Alternating history
I love alternate histories. They are the greatest of “what ifs.” The biggest trope in this genre: What if the Allies lost World War II? But before it was even a trope, Philip K. Dick wrote the novel The Man in the High Castle. The U.S. is divided by the Nazis in the east and the Empire of Japan in the west and some very mysterious stuff is going on (with Dick you are rarely allowed to figure all of it out).
Whether it’s the weirdness of Dick’s stories or their magnificence, Hollywood loves them. First came “Bladerunner,” based on the novel Do Androids Dream Electric Sheep? and ushering in cyberpunk before the cyberpunk authors knew what they were about to do. Dick was the proto-punk, the Lou Reed of science fiction.
Took a few more years for the rest of Hollywood to catch on, after which it seemed movies were being made of everything with Dick’s name on it. Makes and remakes and remakes again (see “Total Recall,” from the novel We Can Remember It For You Wholesale). I’m waiting for one of his prefaces to get turned into a film.

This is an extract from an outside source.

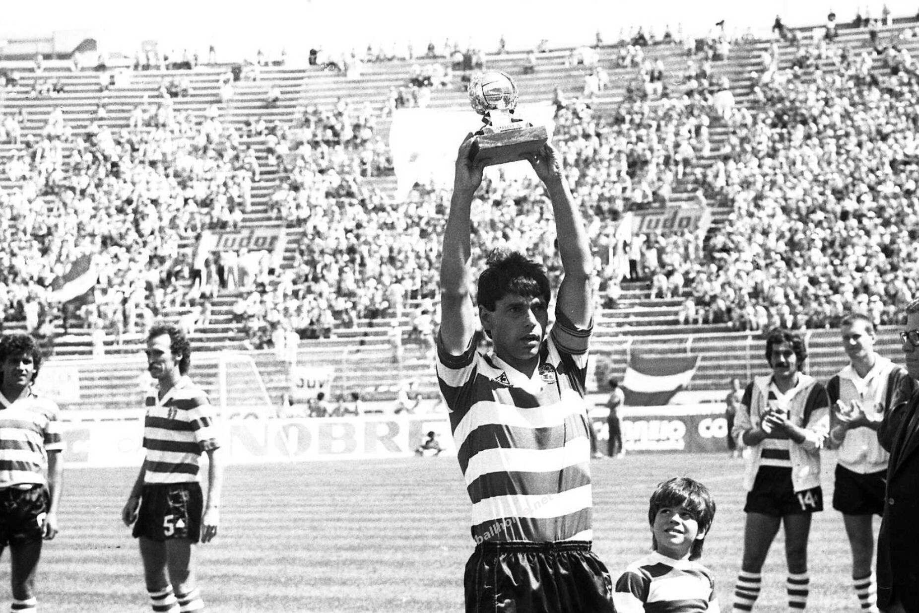 Manuel Fernandes recebe a 'Bola de Prata', troféu referente ao melhor marcador do Campeonato 85/86.

This is not to say I was disappointed when Amazon rolled out a pilot for “The Man in the High Castle.” With Amazon, you watch the pilot and then vote on whether they should make a series. (Michael Connelly’s Harry Bosch mystery series became TV this way. It premieres on Amazon as “Bosch” this month.) “The Man in the High Castle” pilot was excellent. The mysteries layered on mysteries are there. Nazi New York and Japanese-controlled San Francisco are real in the way alternate history must make you believe what didn’t happened did. Check the pilot out and vote (so I can watch the series).
Update: “The Man in the High Castle” received a full-series order from Amazon, The Hollywood Reporter wrote Feb. 18. THR said Amazon Studios exec Roy Price called “High Castle” Amazon’s “most watched pilot ever.”